Due to the use of a calibrated camera in both the measuring device and the verification device and the provision of the compiled characteristic key data to a storage device accessible to both the measuring device and the verification device, it is possible to provide a multiplicity of verification devices with the characteristic key data generated by a central measuring device without the need for the verification devices to be initially taught for all drug types that they are supposed to verify. The time-consuming, expensive and error-prone process of “teaching” a verification device is eliminated by accessing already existing characteristic key data, which requires that both the compilation of the characteristic key data of the drug types and the compilation of the individual key data of the drug portions are performed with calibrated cameras.
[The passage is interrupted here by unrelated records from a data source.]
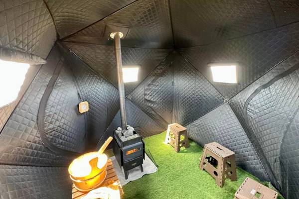 テントサウナは大小2サイズのラインナップがあり、基本的には大きいサイズを利用して広々とした空間をご提供しておりますが、2人だけで小さくやってみたいというニーズにも対応できます。
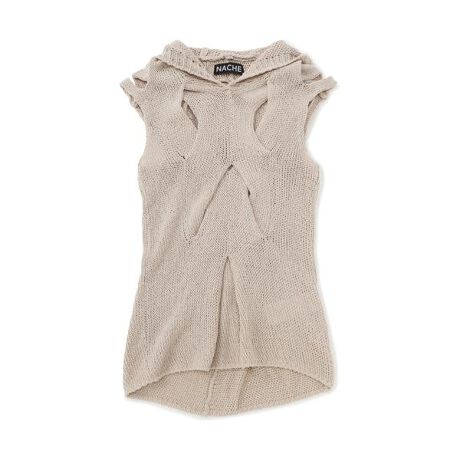 独特な編地と立体的なドレープが印象的な「OUT KNITTED SLEEVELESS」。
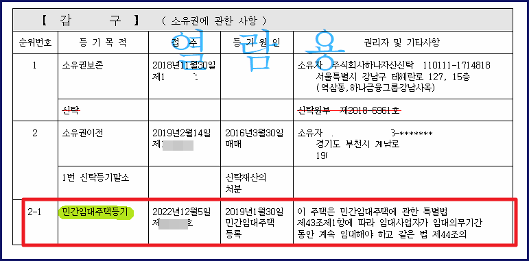 민간임대주택으로 등기된 내용이 말소되었는지를 확인하기 위해서였는데
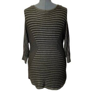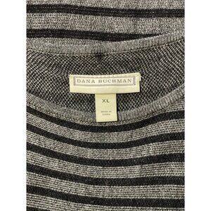 DANA BUCHMAN Woman's Striped Tunic Top Size XL Lightweight Stretch Grey Black

The aforementioned storage device can be part of a company-internal network, for example, and so the characteristic key data can be transmitted to all verification devices connected to the company network. In one or more embodiments, it is provided that the characteristic key data are stored via a network in a storage device, wherein the storage device is designed as a cloud storage on the Internet. By selecting a cloud storage as a storage location for characteristic key data, they can be made accessible at any time and worldwide to all users of verification devices, as long as the verification devices comprise appropriately calibrated cameras for capturing a digital image of the drug portion to be verified.

In order to ensure that the characteristic key data are only transmitted to or downloaded by those verification devices that are designed to be compatible (e.g., have a calibrated camera), it is provided in one or more embodiments that the verification device transmits an authentication code to the storage device, that the storage device verifies the authentication code, and that the characteristic key data can only be retrieved by or transmitted to the verification device if the authentication code is valid.

Due to changing manufacturing processes, the change, for example, of the shape of the drug portions of a drug type is a regular occurrence. In order to be certain at all times about the time that characteristic key data for a drug type were compiled, it is provided in one or more embodiments that during the compilation of the characteristic key data, they are provided with a time stamp that reflects the date of the compilation of the characteristic key data. If the characteristic key data comprise a time stamp, the verification device checks the time stamp of the characteristic key data associated with the individual key data prior to the comparison of the characteristic key data with the individual key data of the drug portion to be verified, and retrieves from the storage device and internally updates the characteristic key data, when a predetermined time difference is exceeded. In this manner, it can be avoided that characteristic key data that are too old are used for the comparison.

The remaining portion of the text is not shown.